What are the different numbers at which pressure should be relieved in CS?

Absolute pressure theory
-30 mmHg
-45 mmHg
Pressure gradient theory
- <20 mmHg of diastolic pressure

16

How long can muscle tissue survive during CS?

3-4 hrs - reversible changes
6 hrs - variable damage
8 hrs - irreversible changes

17

How long can nerve survive during CS?

2 hours - loose nerve conduction
4 hours - neuropraxia
8 hours - irreversible changes

18

How to diagnose CS?

-Pain out of proportion
-Palpably tense compartment
-Pain with passive stretch (plantarflexion)
Also - later on/more severe:
-Parethesia/hypoesthesia
-Paralysis
-Pulselessness/pallor

19

What is most important when evaluating a patient with possible CS?

-PAIN - most imp.

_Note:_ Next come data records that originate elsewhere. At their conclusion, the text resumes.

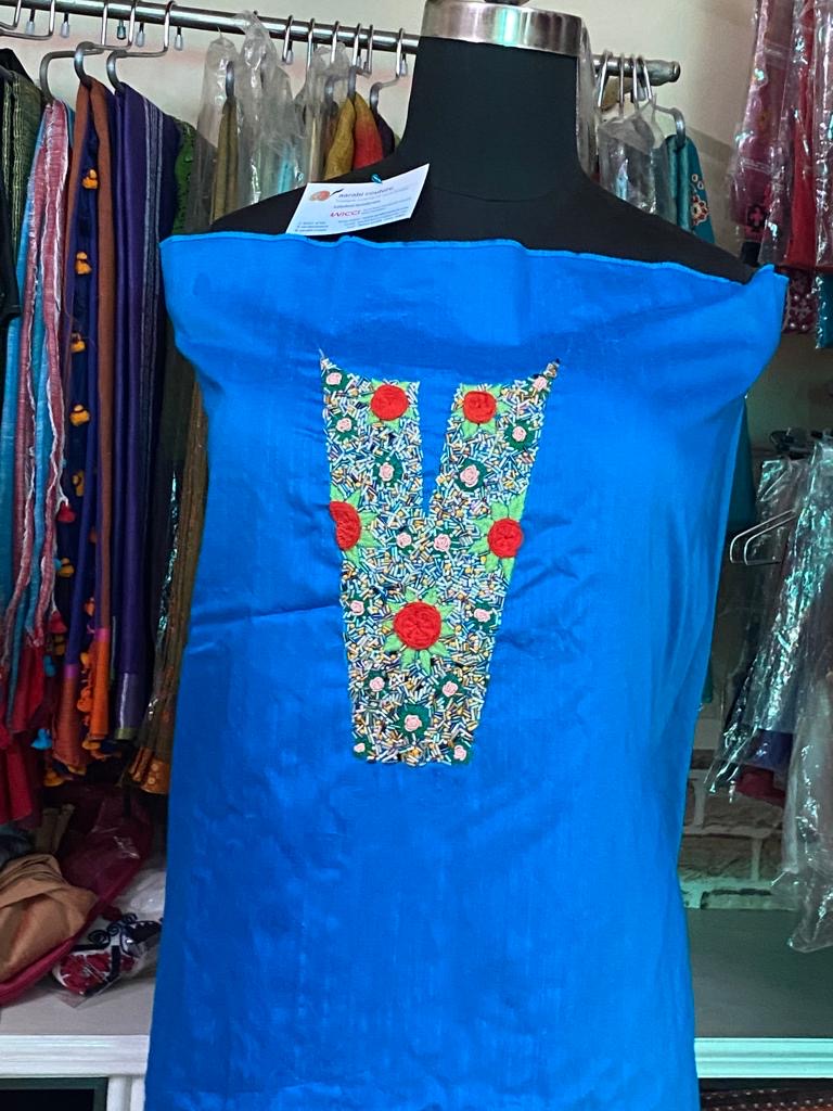 Hand embroidered Bullion rose with bead work on DHUPION Cotton material. 44X 100 inches
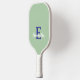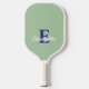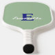 Personalized customized Pickleball paddle with monogram Initial letter and Name. Modern minimalist minimal with royal blue typography, white script calligraphy and trendy sage green background. Chic stylish feminine fashionable sport equipment for you or as an original creative thoughtful and useful gift for her.
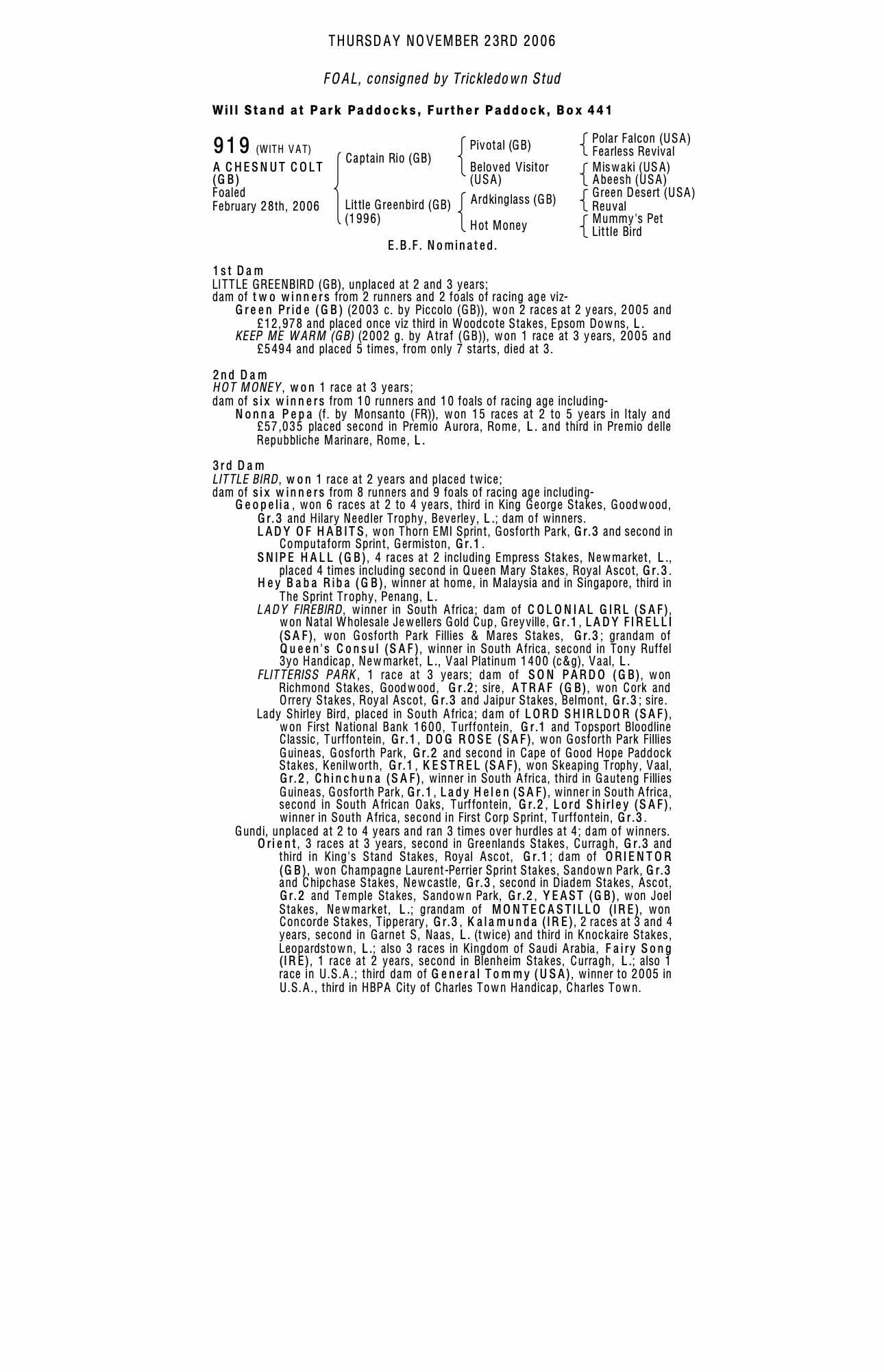 Autumn Horses in Training Sale 2005 lot 412 Green Pride (GB) (C. by Piccolo (GB)), East Everleigh Stables=>Stall Sarah 40,000 gns

Especially pain out of proportion to the injury (child becoming more and more restless/needing more analgesia)
-Most reliable signs are pain on passive stretching and pain on palpation of the involved compartment
-Other features like pallor, pulselessness, paralysis, paraesthesia (tingling, tickling) etc. appear very late and we should not wait for these things

20

Is it important to get a compression pressure measurement if your patient shows all physical exam signs?

NO - if a pressure measurer is not easily accessible, just go ahead and do surgical decompression ASAP!

21

What compartment is most common for CS?

ANTERIOR!

22

If patient has symptoms and PE findings of CS OR compartment is above 30 mmHg. . .

. . .you MUST do a fasciotomy - need to decompress all FOUR compartments using TWO incisions - one on each side
-One into lateral compartment
-One into Deep posterior compartment

23

How do you manage the wound after a fasciotomy?

-A bulky compression dressing and splint are applied
-Incision for the fasciotomy usually can be closed after three to five days

24

What is "Shin splits" a generic term for?

Lower leg pain with exertion

25

What is the differential for lower leg pain?

Stress fracture, medial tibial stress syndrome, compartment syndromes

26

What is an example of a surgical emergency?

Acute anterior compartment syndrome

27

-19 yr old male
-4 day history of left leg pain
-can't sleep due to pain
-can dorsiflex or evert the foot
-Swelling over anterior and lateral area, very tender to palpation
What is the likely diagnosis?

Compartment Syndrome!

28

What is diff. diagnosis for CS?

-Torn muscle
-Fracture
-Myositis
-Sickle Cell Anemia
-DVT (deep vein thrombosis)

29

What does increased Creatine Kinase indicate?